Managing the Confidential Computing Mode#
As a Kubernetes Cluster Administrator, use this page to configure the confidential computing mode of NVIDIA GPUs in your cluster.
After installing the NVIDIA GPU Operator, you can use the GPU Operator to configure the confidential computing mode of the NVIDIA GPUs in your cluster. You can set a cluster-wide default Confidential Computing mode, and you can set the mode on individual nodes.
Set the cluster-wide default mode using the ccManager.defaultMode=<on|off> option.
The default value of ccManager.defaultMode is on.
Set a node-level mode by applying the nvidia.com/cc.mode=<on|off|ppcie> label on the node.
If you set a specific mode on a node, it has higher precedence than the cluster-wide default mode.
The supported modes are:
Mode |
Description |
Configuration Method |
|---|---|---|
|
Enable Confidential Computing. |
cluster-wide default, node-level override |
|
Disable Confidential Computing. |
cluster-wide default, node-level override |
|
Enable Confidential Computing on NVIDIA Hopper GPUs.

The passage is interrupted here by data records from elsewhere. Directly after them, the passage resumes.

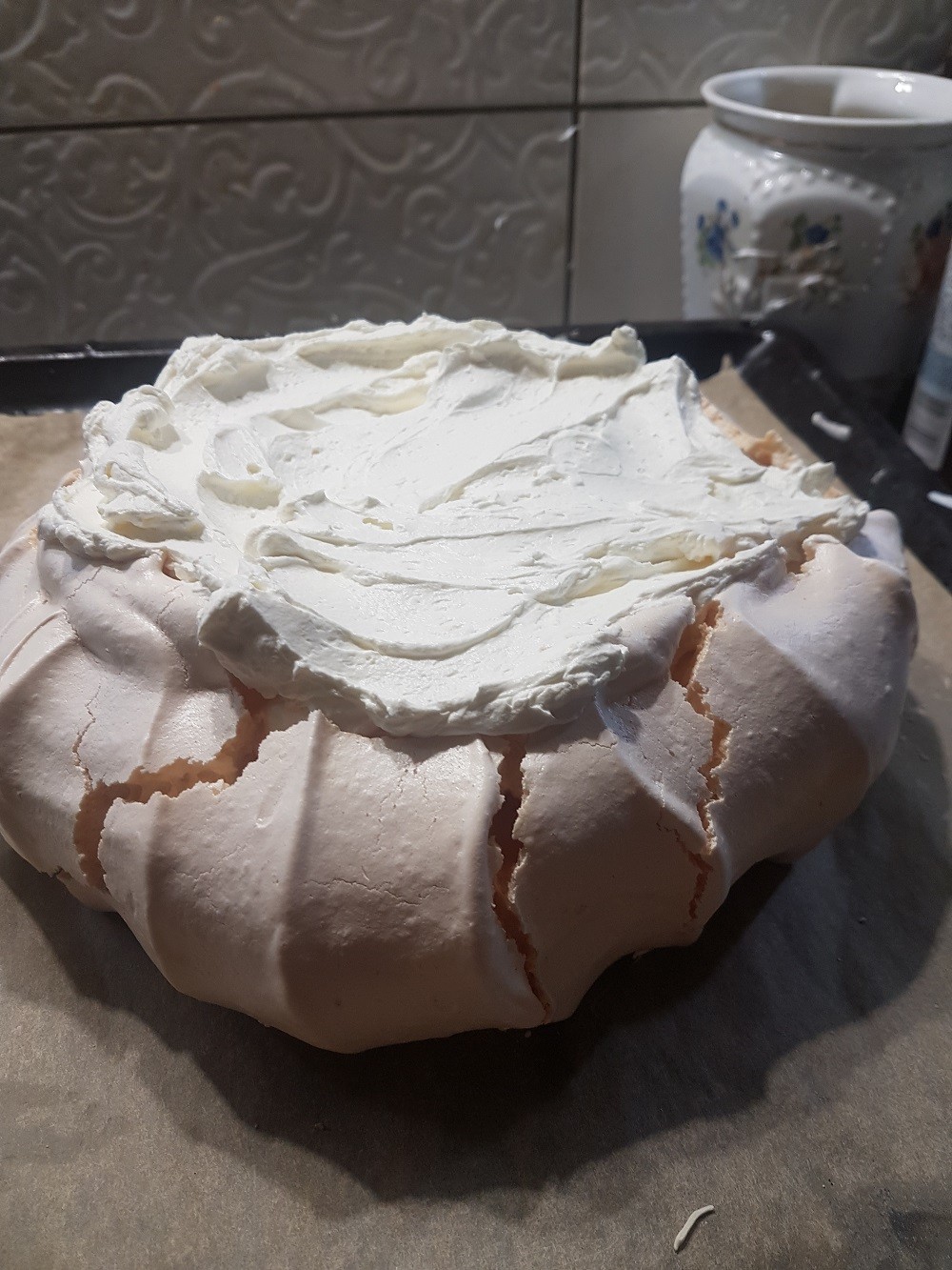 @Caro♤♤♤♤ jesli chcesz przepis to: 6 bialek - trzeba bardzo uwaac zeby nawet kropla zoltka ci sie nie wbila. NA jedno biłko 50 gr cukry jakiegos drobnego zeby sie lepiej rozpuszczal. I najwazniejsze bardzo popwolutku i stopniowo wsypywac cukier - mi calosc ubijnia zajela 20 minut. na koniec Łyzka skrobi ziemniaczanej i troche soku z cytryny i znowu chwile ubijasz. Na papierze odrysowalam sobie kołko i formowalam tak ze łyżką te brzego jakby do gory powlekalam i srodek zostawilam jak by taki zagłebiony. Piekwrnik termoobieg na15o stopni a jak ja wlożysz to od razu na 115 stopni zmniejszasz i tak sie piecze okolo 2h 15 minut. Pozniej wyłączasz piekarnik uchylasz drzwiczki i tak niech sobie posiedzi z 15 minut i uubijasz serek ze smietana - nie mialam czym udekorowac
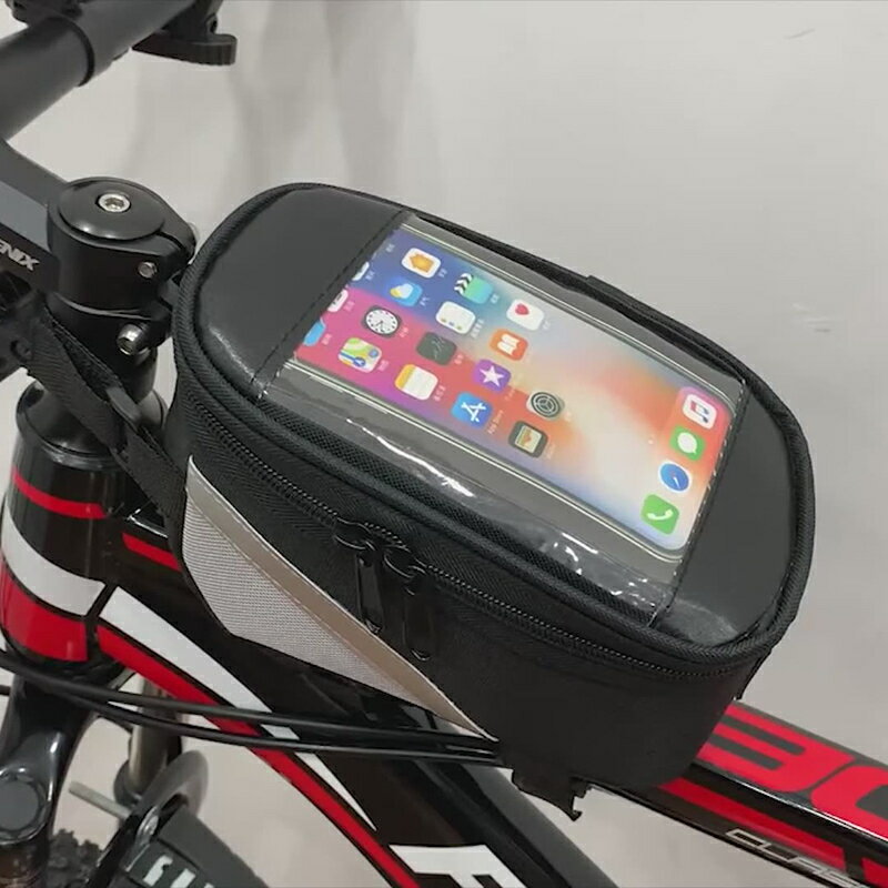 送料無料 トップチューブバッグ スマホホルダー 自転車 収納 イヤホン穴付き 画面操作可能 面ファスナー 反射 ロード マウンテン バイク スマートフォン 携帯電話 サイクリング
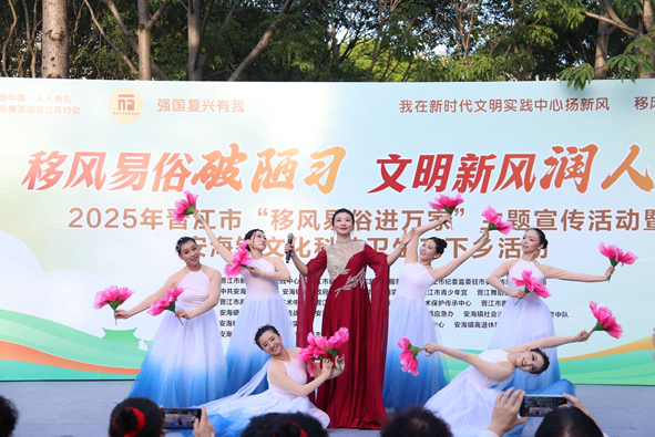 文明風(fēng)9月11日訊 為深入落實(shí)“文明中國?人人有禮”主題傳播活動(dòng)及“明禮福建人”公共文明素養(yǎng)提升行動(dòng)部署要求,把移風(fēng)易俗的“政策聲音”轉(zhuǎn)化為群眾身邊的“生活實(shí)踐”,9月9日下午,“移風(fēng)易俗破陋習(xí) 文明新風(fēng)潤人心”——晉江市“移風(fēng)易俗進(jìn)萬家”主題宣傳活動(dòng)(安海鎮(zhèn)專場)在安海公園熱鬧舉辦?;顒?dòng)創(chuàng)新打造“文明實(shí)踐集市+文藝表演”雙載體,既用趣味服務(wù)拉近距離,又以鮮活藝術(shù)傳遞理念,讓移風(fēng)易俗真正融入群眾日常,讓文明實(shí)踐溫暖浸潤人心。
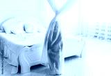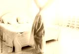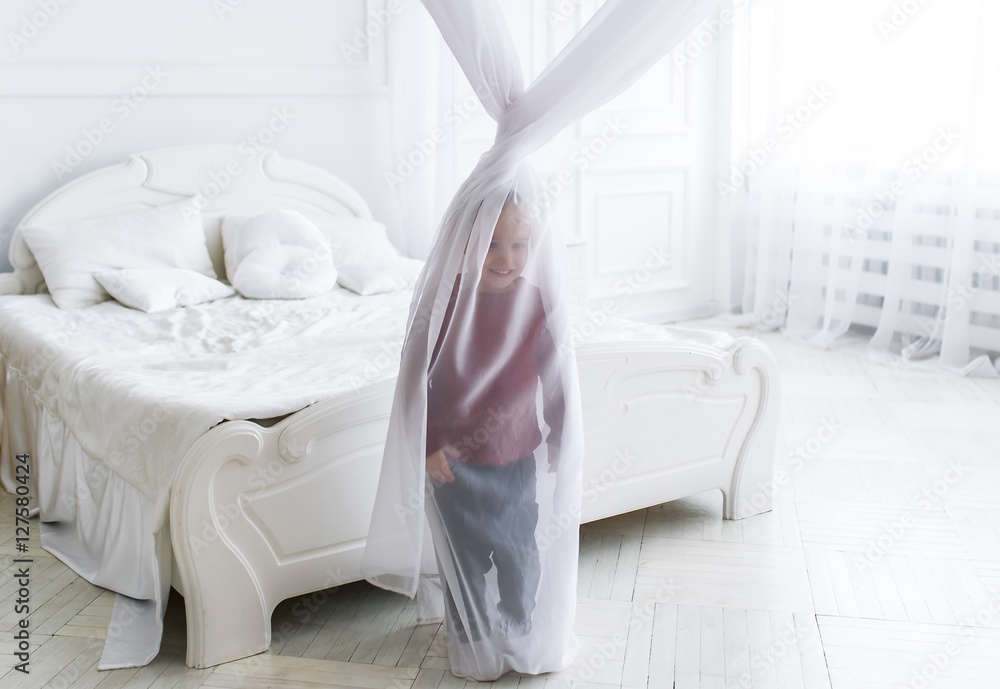 The little boy has hidden for a curtain in big light bedroom.

On the NVIDIA Hopper architecture, multi-GPU passthrough
uses protected PCIe (PPCIE), which claims exclusive use of the NVSwitches for a single
Confidential Container virtual machine.
If you use NVIDIA Hopper GPUs for multi-GPU passthrough, set the mode to |
node-level override |
When you change the mode, the manager performs the following actions:
Evicts the other GPU Operator operands from the node. However, the manager does not drain user workloads. You must make sure that no user workloads are running on the node before you change the mode.
Changes the mode and resets the GPU.
Reschedules the other GPU Operator operands.
Setting a Cluster-Wide Default Mode#
Note
Before changing the mode, make sure that no user workloads are running on the node.
To set a cluster-wide mode, specify the ccManager.defaultMode field like the following example:
$ kubectl patch clusterpolicies.nvidia.com/cluster-policy \
--type=merge \
-p '{"spec": {"ccManager": {"defaultMode": "on"}}}'
Example Output:
clusterpolicy.nvidia.com/cluster-policy patched
Note
The ppcie mode cannot be set as a cluster-wide default, it can only be set as a node label value.
Setting a Node-Level Mode#
To set a node-level mode, apply the nvidia.com/cc.mode=<on|off|ppcie> label on the node.
Set the NODE_NAME environment variable to the name of the node you want to configure:
$ export NODE_NAME="<node-name>"
Then apply the label:
$ kubectl label node $NODE_NAME nvidia.com/cc.mode=on --overwrite
The mode that you set on a node has higher precedence than the cluster-wide default mode.
Verifying a Mode Change#
To verify that a mode change was successful, view the nvidia.com/cc.mode,
nvidia.com/cc.mode.state, and nvidia.com/cc.ready.state node labels:
$ kubectl get node $NODE_NAME -o json | \
jq '.metadata.labels | with_entries(select(.key | startswith("nvidia.com/cc")))'
Example Output (CC mode disabled):
{
"nvidia.com/cc.mode": "off",
"nvidia.com/cc.mode.state": "off",
"nvidia.com/cc.ready.state": "false"
}
Example Output (CC mode enabled):
{
"nvidia.com/cc.mode": "on",
"nvidia.com/cc.mode.state": "on",
"nvidia.com/cc.ready.state": "true"
}
When you disable CC mode after enabling it, wait one to two minutes for
nvidia.com/cc.mode.state and nvidia.com/cc.ready.state to match the desired off state.
A mode change is complete and successful when nvidia.com/cc.mode and
nvidia.com/cc.mode.state have the same value.
If nvidia.com/cc.mode.state does not match nvidia.com/cc.mode, refer to nvidia.com/cc.mode.state Not Matching nvidia.com/cc.mode in the troubleshooting guide.
If nvidia.com/cc.mode.state is failed, refer to nvidia.com/cc.mode.state is failed.
Understanding Confidential Computing Mode Labels#
The following labels are used to manage the Confidential Computing mode on a node.
You only need to update the nvidia.com/cc.mode label, the other labels are managed by the Confidential Computing Manager to represent the current state of the Confidential Computing mode on the node.
Label Name |
Label Values |
Details |
|---|---|---|
|
|
The desired Confidential Computing mode. You update this node label to trigger a mode change. |
|
|
Reflects the mode that was last successfully applied to the GPU hardware by the Confidential Computing Manager.
Its value mirrors the applied mode after the transition is complete on the node.
A value of |
|
|
Indicates whether the node is ready to run Confidential Container workloads.
Set to |
Note
The ppcie mode is only supported on NVIDIA Hopper GPUs.